Work item:
Write out every line exactly, from the start of the records below to the line with "Metryczka dla chłopca", and stop there. Don't write out the pictures.

Data extracted from a collection
+ + + + + + +

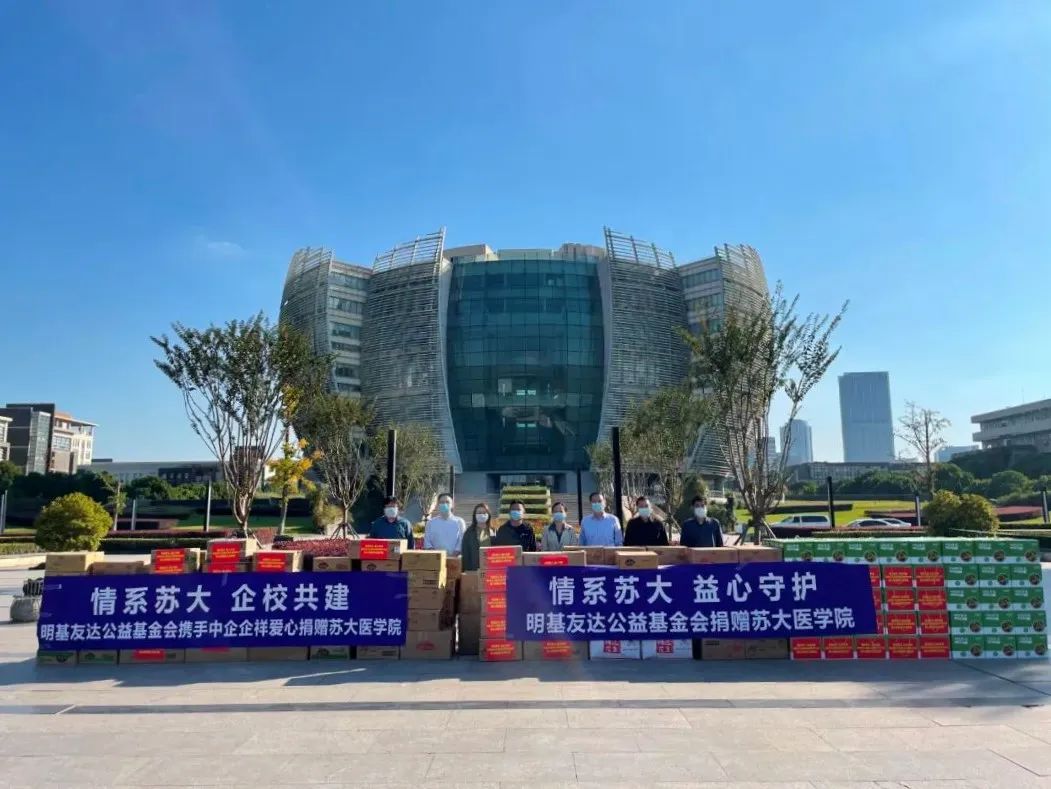 10月19日下午,苏州明基友达公益基金会携手中企企祥(苏州)科技有限公司将600余箱水果、食品和防疫物资运抵苏州大学独墅湖校区,捐赠给苏州大学苏州医学院,用于慰问坚守在校园内封闭的师生员工,助力学校疫情防控。苏州大学副校长吴嘉炜,国内合作发展处处长陆岸,苏州医学院党工委书记钱福良,苏州医学院党工委副书记、副院长孟玲玲等现场接受了捐赠物资。
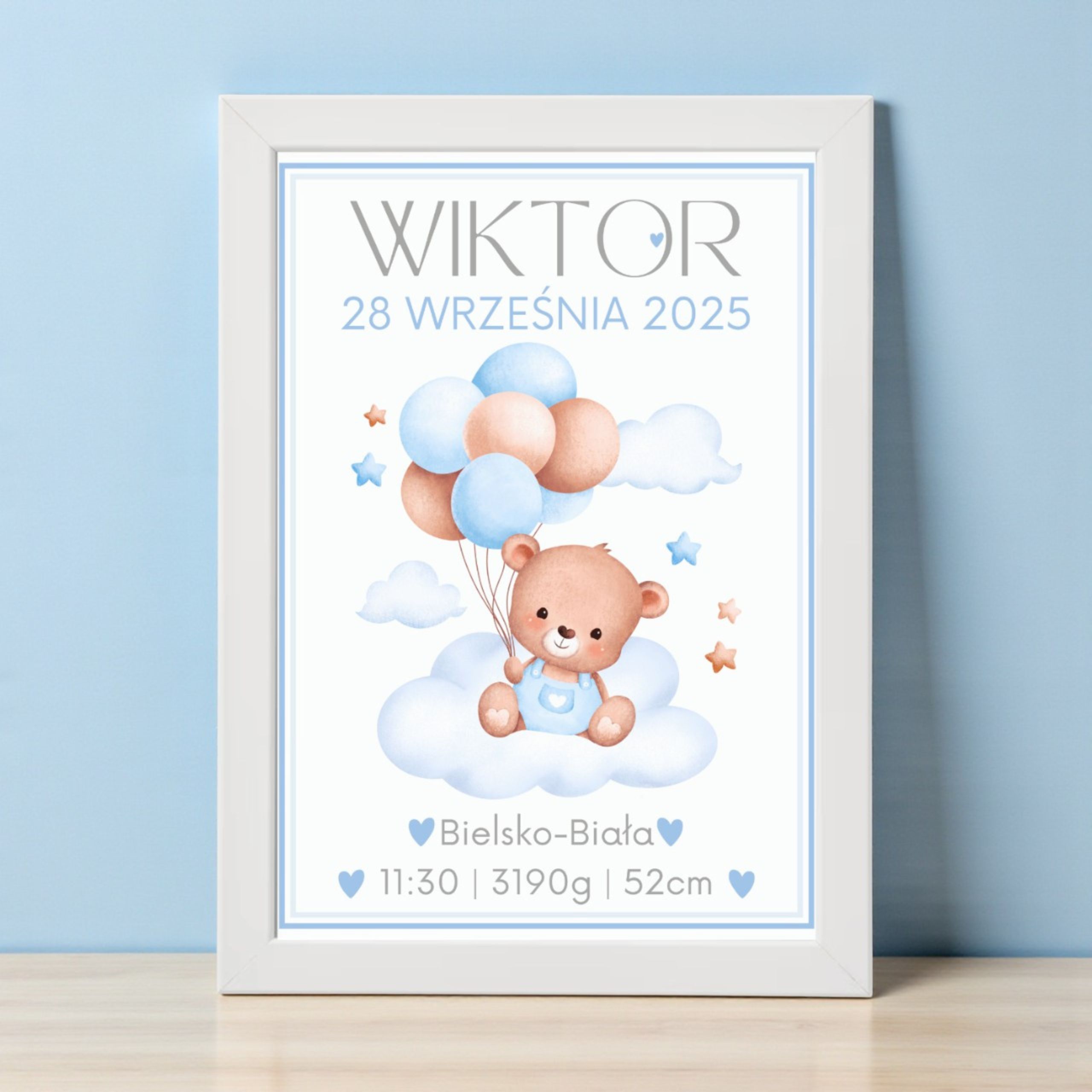 Metryczka dla chłopca A4 + Biała Ramka Ikea FISKBO
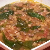 Kiedy cebula i czosnek się zeszklą, a boczek zrumieni dorzucamy pokrojone pomidory i całość dusimy przez chwilę. Następnie wrzucamy umyty szpinak i mieszamy wszystko aż listki zmiękną. Do garnka dodajemy ugotowaną soczewicę i zalewamy wszystko gorącym wywarem warzywnym lub bulionem. Doprawiamy solą i pieprzem i gotujemy przez 5 minut.
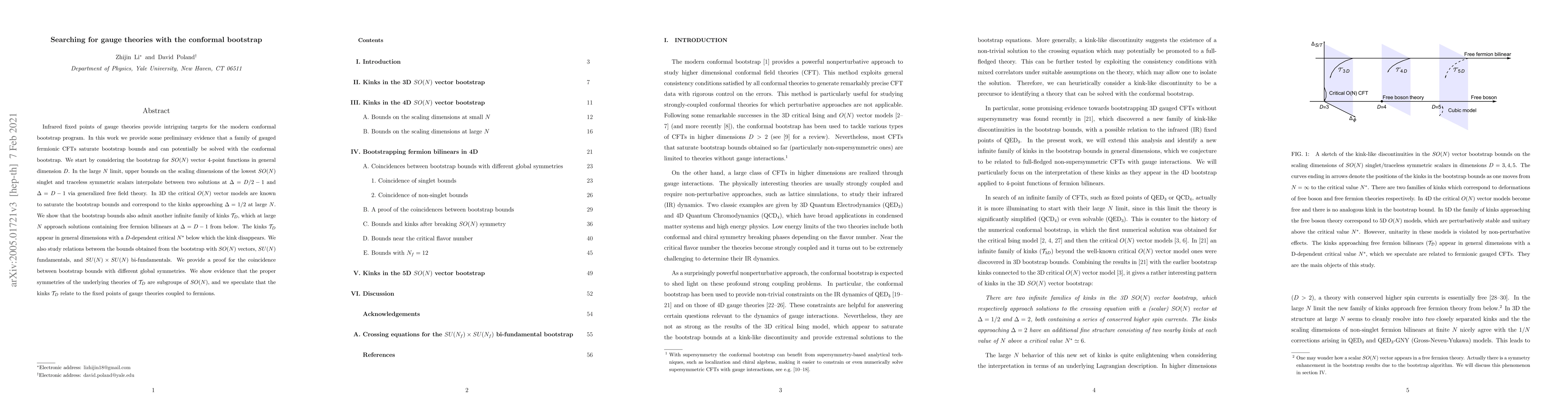 Infrared fixed points of gauge theories provide intriguing targets for the modern conformal bootstrap program. In this work we provide some preliminary evidence that a family of gauged fermionic CFTs saturate bootstrap bounds and can potentially be solved with the conformal bootstrap. We start by considering the bootstrap for $SO(N)$ vector 4-point functions in general dimension $D$. In the large $N$ limit, upper bounds on the scaling dimensions of the lowest $SO(N)$ singlet and traceless symmetric scalars interpolate between two solutions at $\Delta =D/2-1$ and $\Delta =D-1$ via generalized free field theory. In 3D the critical $O(N)$ vector models are known to saturate the bootstrap bounds and correspond to the kinks approaching $\Delta =1/2$ at large $N$. We show that the bootstrap bounds also admit another infinite family of kinks ${\cal T}_D$, which at large $N$ approach solutions containing free fermion bilinears at $\Delta=D-1$ from below. The kinks ${\cal T}_D$ appear in general dimensions with a $D$-dependent critical $N^*$ below which the kink disappears. We also study relations between the bounds obtained from the bootstrap with $SO(N)$ vectors, $SU(N)$ fundamentals, and $SU(N)\times SU(N)$ bi-fundamentals. We provide a proof for the coincidence between bootstrap bounds with different global symmetries. We show evidence that the proper symmetries of the underlying theories of ${\cal T}_D$ are subgroups of $SO(N)$, and we speculate that the kinks ${\cal T}_D$ relate to the fixed points of gauge theories coupled to fermions.
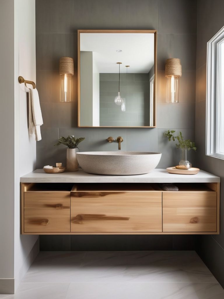 Bamboo bath mat, Stone soap dispenser, Neutral colored towels, Greenery for bathroom decor, Modern bathroom fixturesDescription
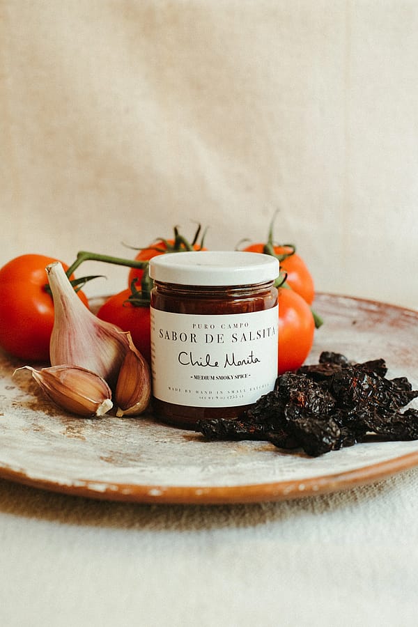 Fully ripened, smoked jalapeños give this salsa morita a unique medium hot, smoky flavor. This is my everyday salsa.
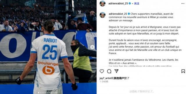 拉比奥特写道:“亲爱的马赛球迷,在我开启米兰的新冒险之前,我想给你们写一条留言。从我第一天抵达马赛开始,你们从未在意我过去在巴黎的经历,反而立刻接纳了我,把我当成马赛人,直到我离开。”
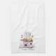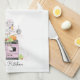 Retro kitchen with pink stove, apron, pots & pans, and fruit & veggies kitchen towel. Personalise with your name or your own custom text. Great bridal kitchen shower gift!
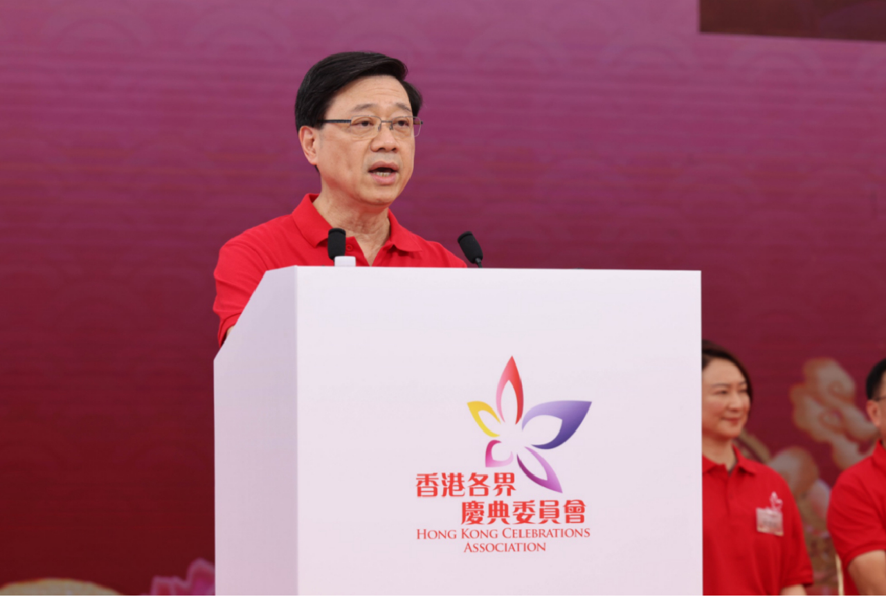 行政長官李家超致辭時表示,今年是香港回歸祖國27周年,是中華人民共和國成立75周年,意義重大。國家發展一日千里,今年首季和去年全年經濟實質增長,都超過5%,是全球主要經濟體中增長最快之一。作為中華兒女的我們,都對國家的高質量發展感到無比自豪。

+ + + + + + +

Written response:
 10月19日下午,苏州明基友达公益基金会携手中企企祥(苏州)科技有限公司将600余箱水果、食品和防疫物资运抵苏州大学独墅湖校区,捐赠给苏州大学苏州医学院,用于慰问坚守在校园内封闭的师生员工,助力学校疫情防控。苏州大学副校长吴嘉炜,国内合作发展处处长陆岸,苏州医学院党工委书记钱福良,苏州医学院党工委副书记、副院长孟玲玲等现场接受了捐赠物资。
 Metryczka dla chłopca A4 + Biała Ramka Ikea FISKBO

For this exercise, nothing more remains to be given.